An intercontinental ballistic missile is launched in North Korea. (Korean Central News Agency/Korea News Service)
September 07, 2017

On Saturday, North Koreans will celebrate the anniversary of their country’s founding, and experts believe they may mark the holiday with a full-range test of an intercontinental ballistic missile.

South Korean media reports that a North Korean ICBM has beenspotted on the move, and South Korea’s Prime Minister said that “some believe North Korea may launch another intercontinental ballistic missile (ICBM) on the 9th; this time at an ordinary angle,” according to CNN.

Meanwhile, North Korea said that the US can expect more “gift packages” in the form of further missile testing. With only two successful tests on record, North Korea’s current ICBM is in need of further testing.

But North Korea firing a ballistic missile thousands of miles across the globe could have disastrous consequences if not executed properly.

Just as North Korea overflew Japan with a missile in late August, geography dictates that Pyongyang will likely again have to overfly Japan if not a few other nations in the Pacific to do a full range test of its ICBM.
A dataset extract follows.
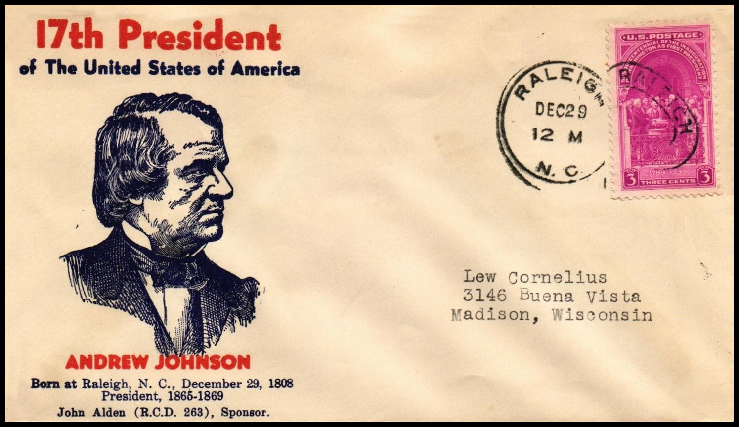 | 4.. | Events | 19401229 |  | C#: MTD: PD: QTY: DSC: | 1 Original President Andrew Johnson; 132th Anniversary of Birth; Raleigh, NC; blue/red |
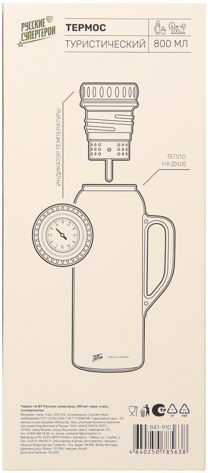 Термос — это надежный помощник для тех, кто ценит комфорт и горячие напитки в любое время суток. Благодаря прочному корпусу и качественной теплоизоляции он долго сохраняет температуру содержимого, позволяя наслаждаться любимым чаем, кофе или свежими прохладительными напитками где угодно — на работе, в дороге или на прогулке. Удобная конструкция обеспечивает легкое открывание и комфортное использование, а стильный современный дизайн делает термос не только практичным, но и привлекательным аксессуаром.

The US detecting an unannounced missile heading towards the mainland from North Korea could cause a nuclear retaliation that would leave Pyongyang little more than a pile of dust, so Pyongyang would likely try to aim the missile elsewhere.

Possible trajectories may send the missile south towards the pole or into the Pacific south of the US. Even unarmed, the missile’s reentry vehicle would pose a huge threat to maritime life and traffic as it blazes through the atmosphere at many times the speed of sound.

But there’s no guarantee the launch would be unarmed. In 1966, as the US and outside world doubted China could build a functional nuclear-armed ICBM without outside help, Beijing launched a missile at full range with a nuclear payload.

Today, North Korea faces similar scrutiny with many doubting its nuclear and missile technology. Media releases from North Korea often seem intent on proving doubters wrong, and its tests sometimes seem designed to demonstrate previously unattributed capabilities.

Detonating a nuclear device in international waters, even without killing someone, would be an ecological disaster with a lasting effect on the environment. Such a move would also draw massive condemnation by the international community.

But it would demonstrate beyond a doubt that North Korea’s long-range nuclear threat is real, and it would stress the US-South Korean alliance never before seen, which fits right into Pyongyang’s playbook.